The government, in close collaboration with the social partners and the local community is to invest in incentivising work in order to attract and retain employees in the labour market, according to its Pre-Budget Document 2012 which was launched by Finance Minister Tonio Fenech on Monday.

As part of Malta’s National Reform Programme under the EU’s 2020 Strategy – which has an employment rate target of 62.9 per cent, an increase of 4.5 per cent – the government is considering a number of proposals namely:

The introduction of a pilot project involving a number of job creating and sheltered work ventures for persons with a disability; the introduction of a scheme for unemployed 21 to 29 year olds which focuses on their respective skills and the labour market opportunities; the revision of the present Community Work Scheme with the aim of including more people and to ensure that the needs and difficulties experienced during the first phase of the project are met;

The continued training of low-skilled employees in various sectors, so that they improve their chances of upward job mobility; the introduction of more initiatives to encourage more individuals of retirement age to remain active in the labour market; the continuation of apprenticeships and training programmes which are seen as a direct investment in human capital and the economy; and further investing in equal opportunities in the workplace between men and women.

The government is also planning to increase the number of childcare centres in Malta and Gozo. There are currently 14 such centres operated by the government and it envisaged that at least another five centres will be built between 2011 and 2013.

The report says that employers are to be encouraged to develop more family friendly measures at their place of work. The Employment and Training Corporation will be guiding and counselling companies on the measures which can be adopted in their workplace. Companies which implement good family-friendly practices will be accredited with a quality label and will be given awards for the introduction of such arrangements.
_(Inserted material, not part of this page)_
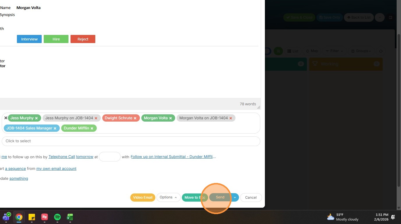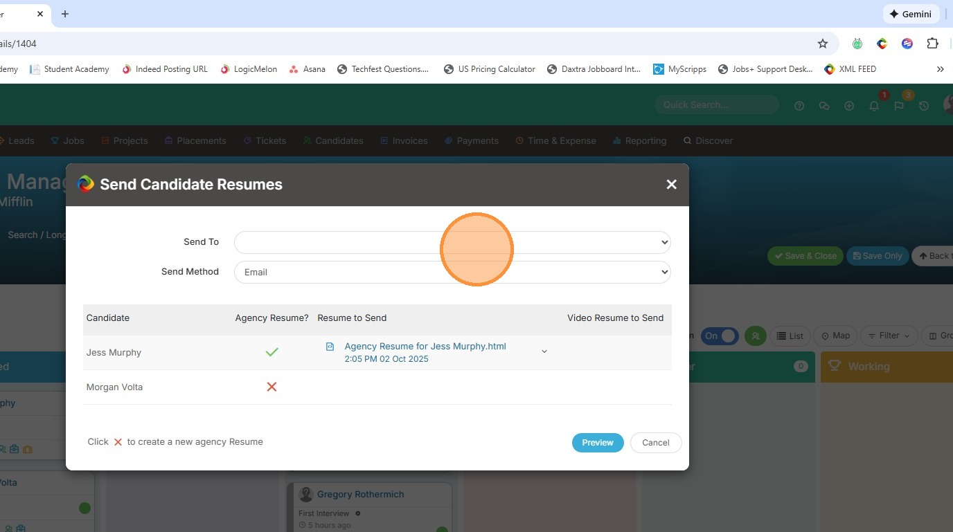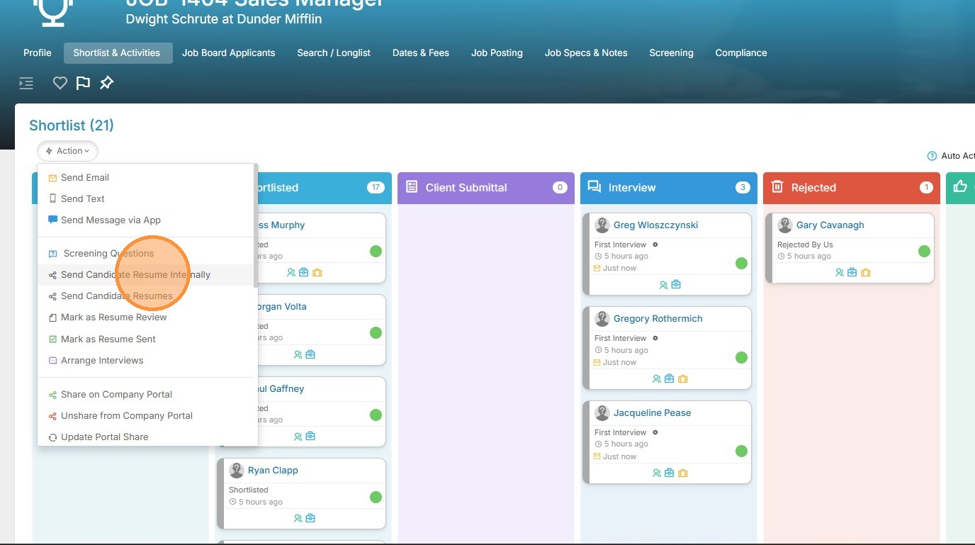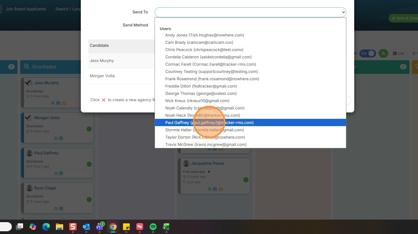 6. You will notice it's all internal users listed because this is an internal resume send, not to the client.

The Pre-Budget Document also highlights that as part of the government’s commitment to the green economy a number of proposals are being considered including a fiscal incentive scheme to promote the restoration and maintenance of scheduled properties aimed at promoting ownership and the restoration of scheduled buildings.
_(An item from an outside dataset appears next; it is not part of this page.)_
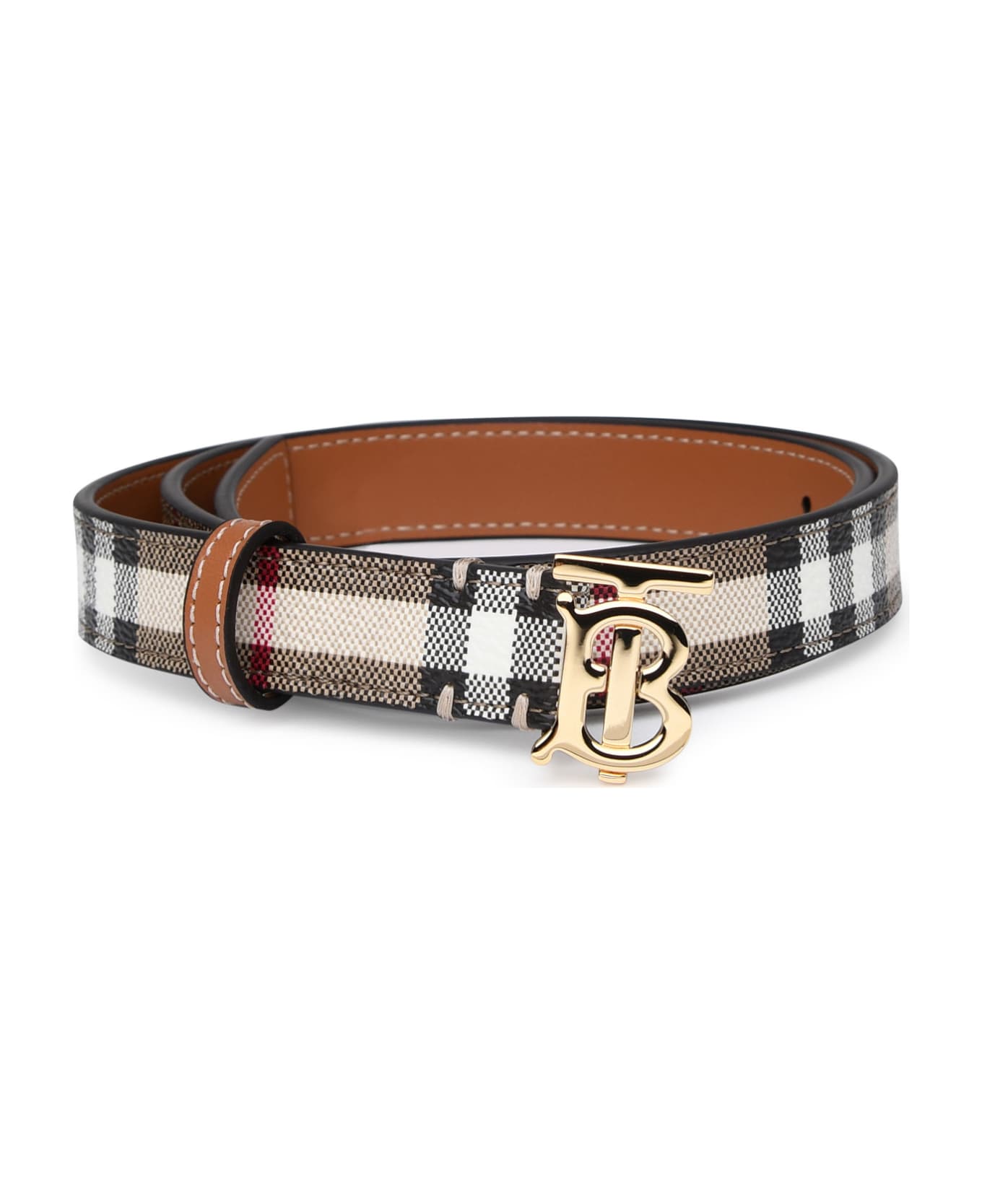 Reversible belt with Burberry Check pattern on one side and plain leather with stitching on the other, metal monogrammed logo buckle, and mushroom-shaped clasp \ 2 cm Composition: 71% polyurethane, 16% polyester, 12% cotton, 1% acrylic

The government is also considering the provision of incentives for young people, associations and small scale creative industries (and which do not cause disturbance to residents) to move to urban cores, utilising existing buildings and investing in retrofitting for energy and water efficiency and reduced resource utilisation.

In order to assist with the transition to zero-carbon buildings, the government will also modify in the coming years the transaction tax on buildings depending on their energy performance class.

The report says the government wants to encourage all sectors to take advantage of environmental innovation as a business opportunity. To this end it will promote a positive climate for eco-efficient innovations through various means.

“In order for new technologies to become viable, as well as to be adapted to the Maltese environment, a high level of research and development and innovation is required. To further support eco-innovation and green technologies, financial assistance for eco-innovative start-ups, businesses implementing eco-innovative solutions and companies bringing innovations to the market will be formulated,” the report says.

The government will also explore the possibility of easing certain regulatory burdens on eco-innovative or green firms while also facilitating start-ups and promoting best practices.

The document makes it clear that fiscal consolidation and deficit reduction will be given top priority in the forthcoming Budget.

“Unfortunately, the experience of most of our European partners teaches us a very tough lesson on why financial consolidation is essential. Financial responsibility has allowed us to take decisions cautiously. We must not lose track of such targets as one day someone would have to pay the price,” Finance Minister Tonio Fenech says in his introduction to the document.

The report says that the government’s fiscal consolidation strategy for 2012 is largely expenditure-based.

“Expenditure cuts are more effective in a medium-term perspective than revenue increases, particularly in view of the government’s macroeconomic objectives of improving national competitiveness levels,” it says.

The government will sustain its policy of expenditure restraint as regards intermediate consumption and the general government wage bill, which in total are expected to account for 0.6 per cent of the decline in the expenditure-to-GDP ratio.

The government’s debt strategy remains that of ensuring that the financing needs of the public sector are met at the lowest possible cost while minimising medium and long-term interest rate risk. After reaching 68.2 per cent of GDP in 2010, gross government debt is expected to follow a downward path, declining by 0.2 per cent of GDP in 2011 mainly on account of a positive primary surplus, and by 0.8 per cent to 66.9 per cent of GDP in 2012.

The government deficit is projected to decline by 0.6 per cent of GDP from 2.8 per cent in 2011 to 2.2 per cent in 2012.